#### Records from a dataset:
□ □ □ □ □
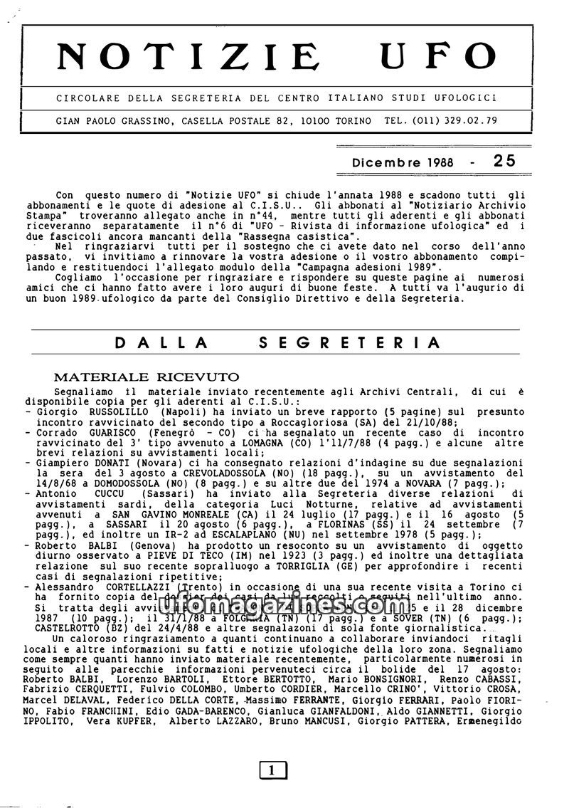 This issue of Notizie UFO marks the end of 1988, with subscription renewals encouraged for 1989. The 'Dalla Segreteria' section details recently received materials, including repor
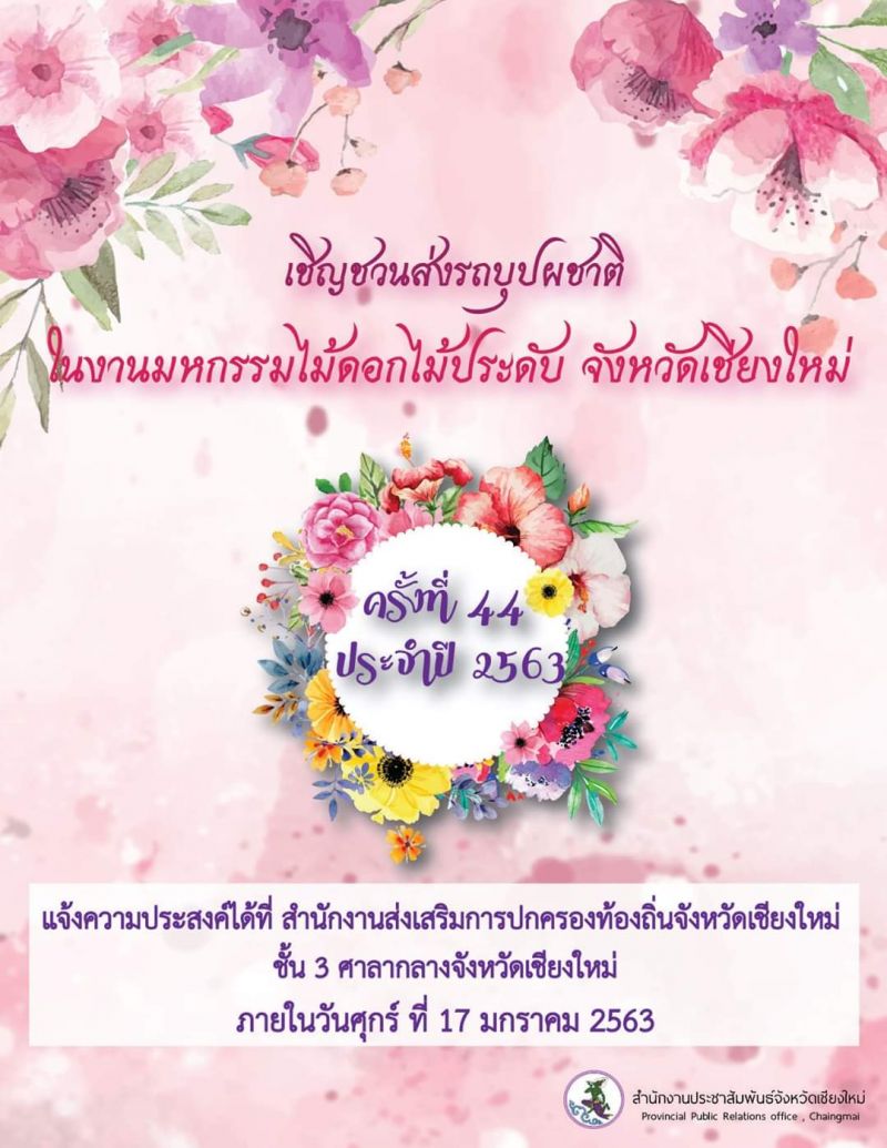 จังหวัดเชียงใหม่ ขอเชิญหน่วยงานภาครัฐ ภาคเอกชน มูลนิธิ ชมรม สมาคม อำเภอ องค์กรปกครองส่วนท้องถิ่น และภาคเอกชนที่สนใจ ส่งรถบุปผชาติเข้าร่วมงานมหกรรมไม้ดอกไม้ประดับ จังหวัดเชียงใหม่ ครั้งที่ 44 ประจำปี 2563 โดยสามารถแจ้งความประสงค์ได้ที่สำนักงานส่งเสริมการปกครองท้องถิ่นจังหวัดเชียงใหม่ ชั้น 3 ศาลากลางจังหวัดเชียงใหม่ หมายเลขโทรศัพท์ 0-5311-2637 ภายในวันที่ 17 มกราคม นี้
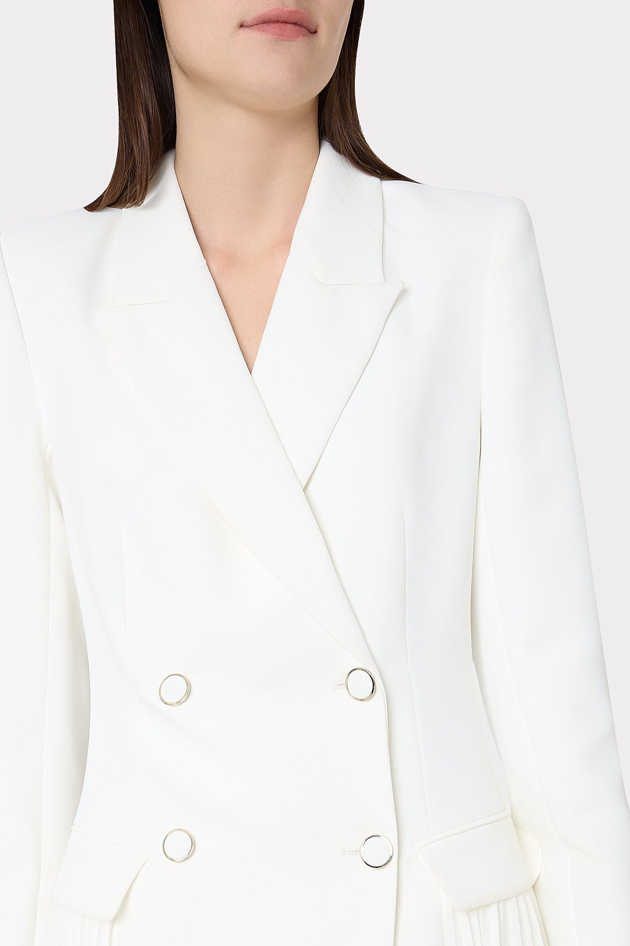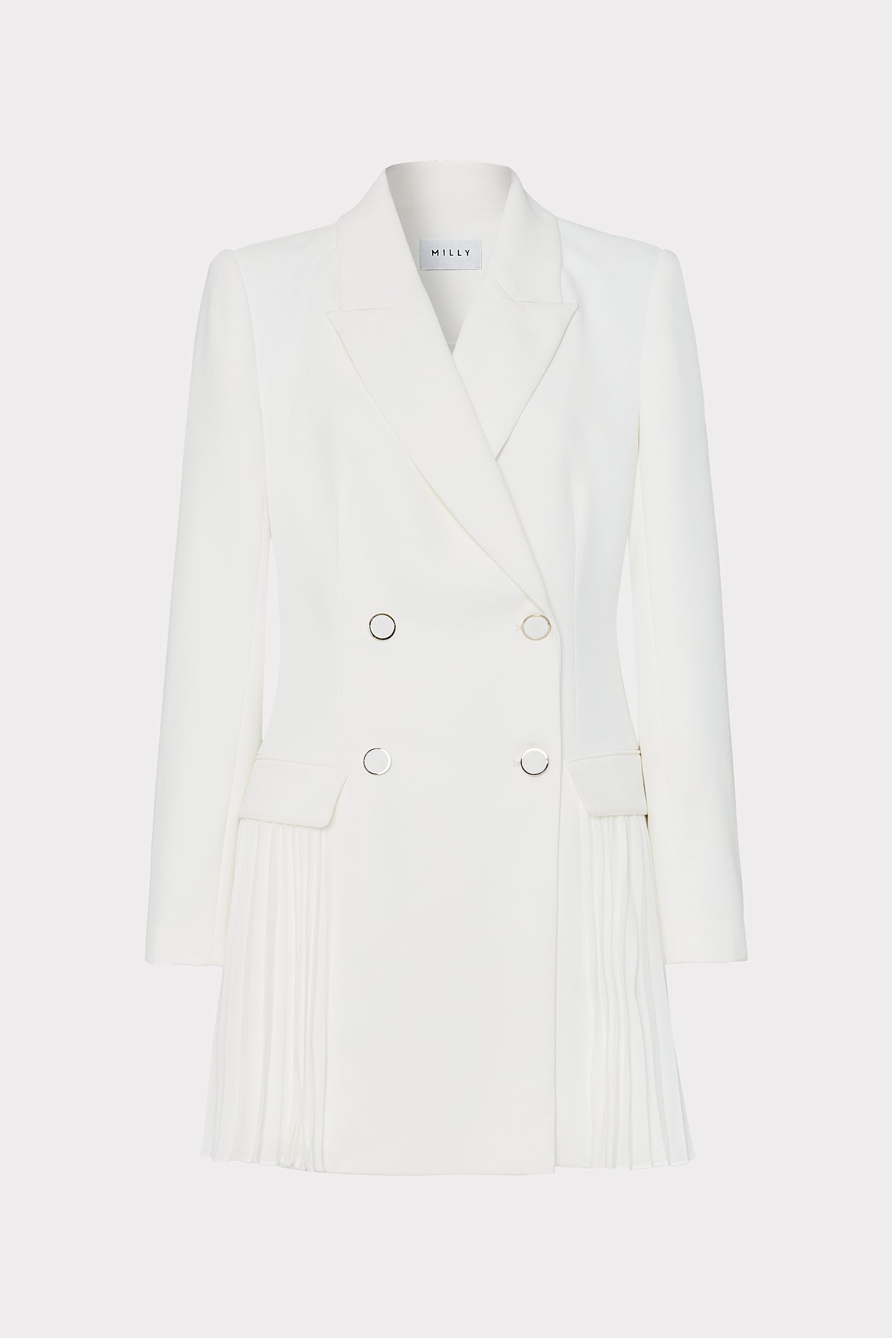 Perfect for every Fall occasion, the Noora is everything we love about a suiting look—minus the styling challenges. This bold and easy style is part blazer, part dress featuring shoulder pads, a front button closure along the placket, and a signature pleated skirt. It’s finished with pocket details at the hip and button details at the sleeve.
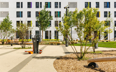 Придомовая территория благоустроена и озеленена. В "Green Park" имеются спортивные и детские площадки, зоны отдыха. Также в центре квартала находится фонтан и сквер для приятного времяпровождения
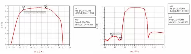 应用于卫星通信接收频段,插入损耗低至1.5dB,对于发射端1668-1675MHz的抑制高达60dB,耐受功率30dBm。
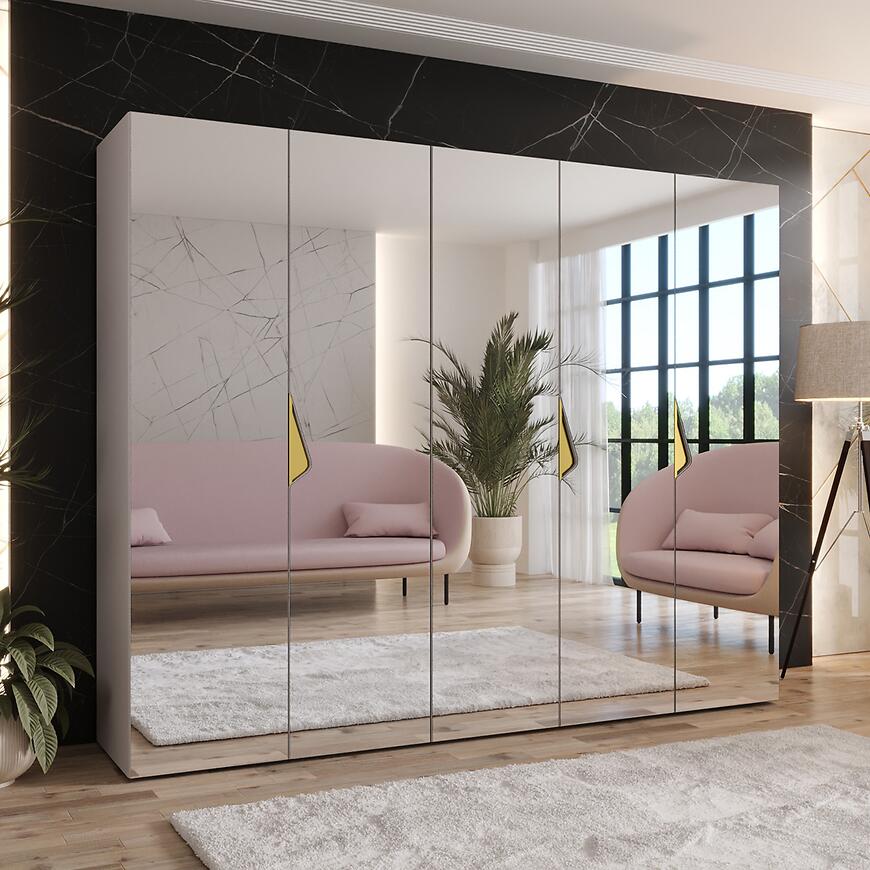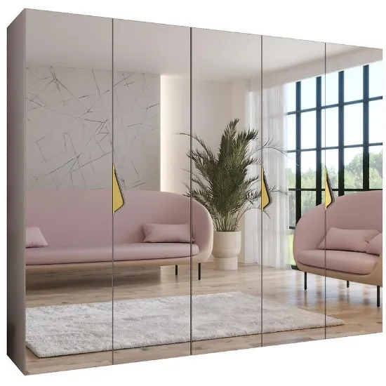 Szafa Sandi 3-250 kaszmir/złoty łączy subtelny beż kaszmir z eleganckim złotym detalem, tworząc stylowy i nowoczesny mebel. Kilkudrzwiowa konstrukcja z wbudowanym lustrem optycznie powiększa przestrzeń i ułatwia organizację przechowywanych rzeczy, zwiększając wygodę codziennego użytkowania.
□ □ □ □ □
#### PROBLEM STATEMENT:
Which lines run from the one containing "Придомовая территория благоустроена" to the end of the entries above? Write them out exactly, leaving out every picture.

#### RESULT OF THIS TASK:
 Придомовая территория благоустроена и озеленена. В "Green Park" имеются спортивные и детские площадки, зоны отдыха. Также в центре квартала находится фонтан и сквер для приятного времяпровождения
 应用于卫星通信接收频段,插入损耗低至1.5dB,对于发射端1668-1675MHz的抑制高达60dB,耐受功率30dBm。
 Szafa Sandi 3-250 kaszmir/złoty łączy subtelny beż kaszmir z eleganckim złotym detalem, tworząc stylowy i nowoczesny mebel. Kilkudrzwiowa konstrukcja z wbudowanym lustrem optycznie powiększa przestrzeń i ułatwia organizację przechowywanych rzeczy, zwiększając wygodę codziennego użytkowania.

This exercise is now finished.